1.3. On the facts and in the circumstances of the case and in law, the Hon'ble DRP and the Ld. TPO/AO, erred in not demonstrating that the motive of the Appellant was to shift profits outside of India by manipulating the prices charged in its international transactions, which is a pre-requisite condition to make any adjustment under the provision of Chapter X of the Act.
Erroneous transfer pricing adjustment on account of investment made in shares of the associated enterprise -
2.1. The Hon'ble DRP and the Ld. TPO/AO erred in not appreciating that the transaction pertaining to 'investment in equity shares of AE (comprising of share purchase/ share subscription)' is not an international transaction.

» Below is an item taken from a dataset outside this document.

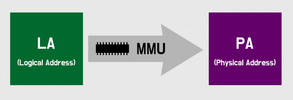 Memory Management Unit(MMU) 이라는 장치는 LA를 PA로 바꾸어주는 역할을 한다.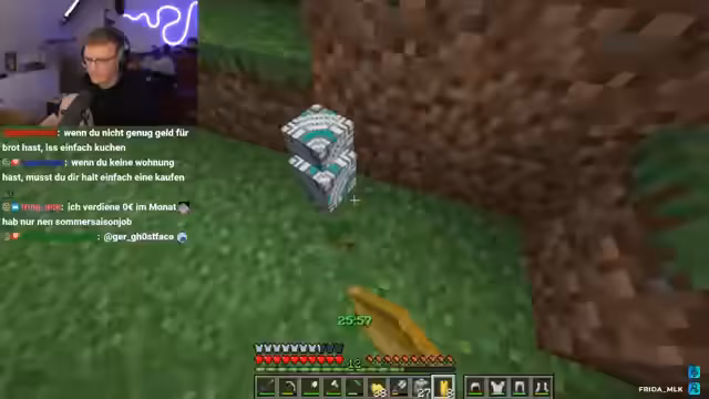 04:22:04Die Teilnehmer konzentrieren sich intensiv auf das Farmen von Holz, Eisen und anderen essentiellen Ressourcen. Die Streamer experimentieren mit verschiedenen Methoden, um Materialien effizient zu gewinnen, einschließlich der Verwendung von Zuckerrohr zur Holzproduktion und der Entdeckung nützlicher Drops wie Stonecutter und Debug Stick. Gleichzeitig wird die Bedeutung von Essen betont, um während der langen Farming-Phase energiegeladen zu bleiben und die Effizienz zu maximieren.

2.2. The Hon'ble DRP and the Ld. TPO/AO erred in considering the transactions of share subscription/purchase undertaken by the Appellant during the assessment years (‘AY') 2010-11 and AY 2011-12 as continuing, and thereby erred in making a transfer pricing adjustment, even though the Appellant had not entered into any such transaction during the AY 2013-14.
2.3. The Hon'ble DRP and the Ld. TPO/ AO erred in not appreciating that no income/potential income has arisen to the Appellant from such international transaction of investment in equity shares and thus would not fall within the purview of Indian Transfer Pricing regulations.
2.4. The Hon'ble DRP and the Ld. TPO/AO erred in re-characterizing the transaction of investment in equity shares as deemed loan, provided by the Appellant to its AE, by treating the difference in the value of equity shares invested in, i.e. difference between the alleged arm's length price as arrived by the Ld. TPO and actual invested price, which is bad in law and non-est in the eyes of law.
2.5. The Hon'ble DRP and the Ld. TPO/AO erred in making an adjustment for notional interest towards such share capital re- characterized as loan, which is not tenable and permissible under the law. The Hon'ble DRP and the Ld. TPO/ AO failed to appreciate the fact that provisions of Chapter X of the Act does not confer the power and jurisdiction upon the revenue department to make such an adjustment.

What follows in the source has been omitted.